Andante
Pedaleaba en un día caluroso de verano cuando entré en un pequeño pueblo rural sin grandes construcciones. Vi al costado de la ruta una casa violeta con una antena parabólica, una auténtica reliquia de un pasado reciente. Recordaba que, a principios de los noventa del siglo XX, tener una antena parabólica era un signo ineludible de riqueza. En el porche estaba un hombre sentado con un perro a su lado. Aprovechando el momento de distracción, decidí descender de la bicicleta y arrimarla al alambrado. Lo saludé a la distancia y el hombre se acercó, siempre acompañado por su perro.
Me presenté y le pedí un poco de agua para rellenar mi cantimplora y un vaso para beber en el momento. Me pidió que esperara y, al regresar, me dio una botella recién sacada del congelador.
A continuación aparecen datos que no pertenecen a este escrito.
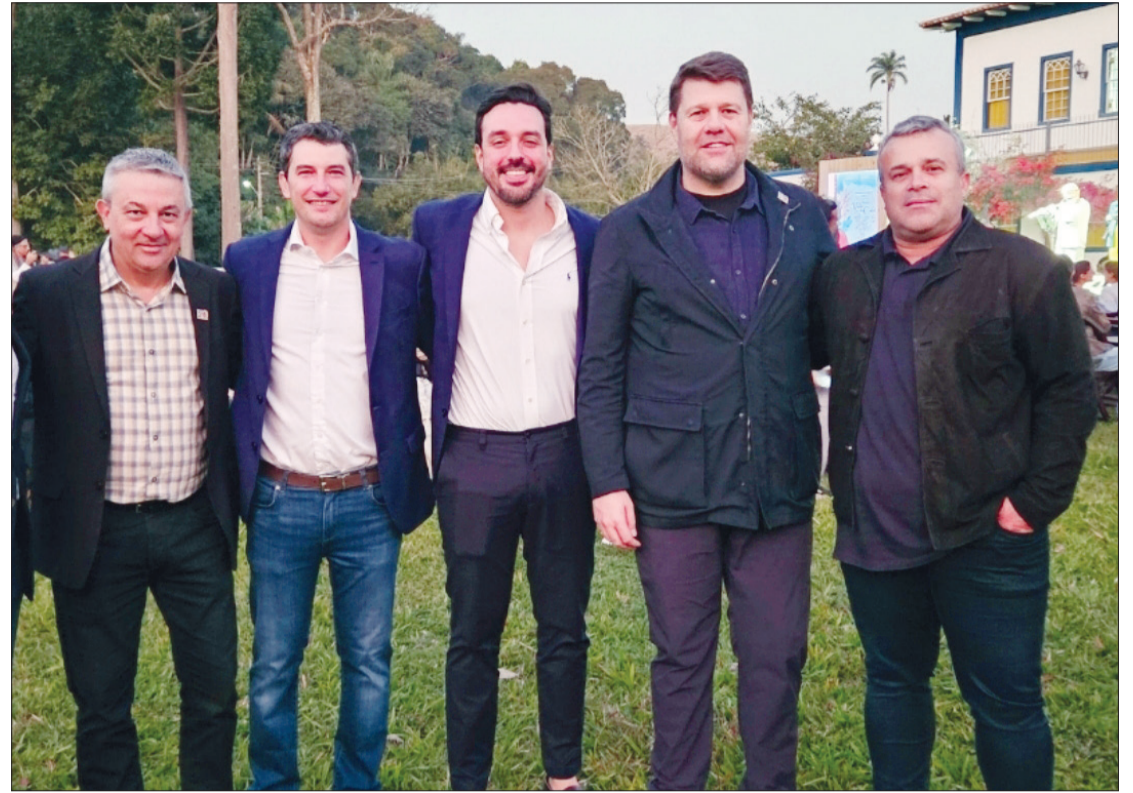
Fazenda Floresta é destaque no Festival Vale do Café

Luego miró en ambas direcciones y extendió el puño hacia mí, que aún no comprendía el gesto. Acerqué la palma y dejó caer un billete de doscientos pesos. Agradecí el gesto, pero me rehusé a aceptarlo. Insistió, alegando que siempre lo visitaban caminantes de todo tipo y él sabía lo difícil que era, por lo que no debía sentir vergüenza.
Le expliqué que recorría la campaña tomando fotos y contando historias, pero no había forma de persuadirlo. Saqué mi cámara fotográfica de la mochila y le mostré algunas fotos, logrando finalmente que me creyera.
Mientras bebía el agua, me comentó que antes se veían más caminantes y también recibían más colaboración de la gente, especialmente en las estancias donde pedían para dormir. Lamentablemente, en los últimos tiempos, mucha gente que pedía un lugar para quedarse o comer robaba pertenencias o se aprovechaba de la generosidad de quienes ofrecían ayuda. Esto había mantenido alerta a las personas. Aquello me hizo pensar en que en las grandes ciudades, por lo general, antes de saludar ya se está desconfiando de las intenciones ajenas.
El hombre creía que los valores de la sociedad habían cambiado mucho, y las noticias feas frenceuntes en los medios de comunicación no contribuían a que las personas abrieran sus puertas. Sin embargo, él seguía creyendo en la humanidad y en la gente de bien.
Antes de irme, me comentó que si me quedaba unos días en el pueblo no dudara en acercarme para pedirle lo que necesitara.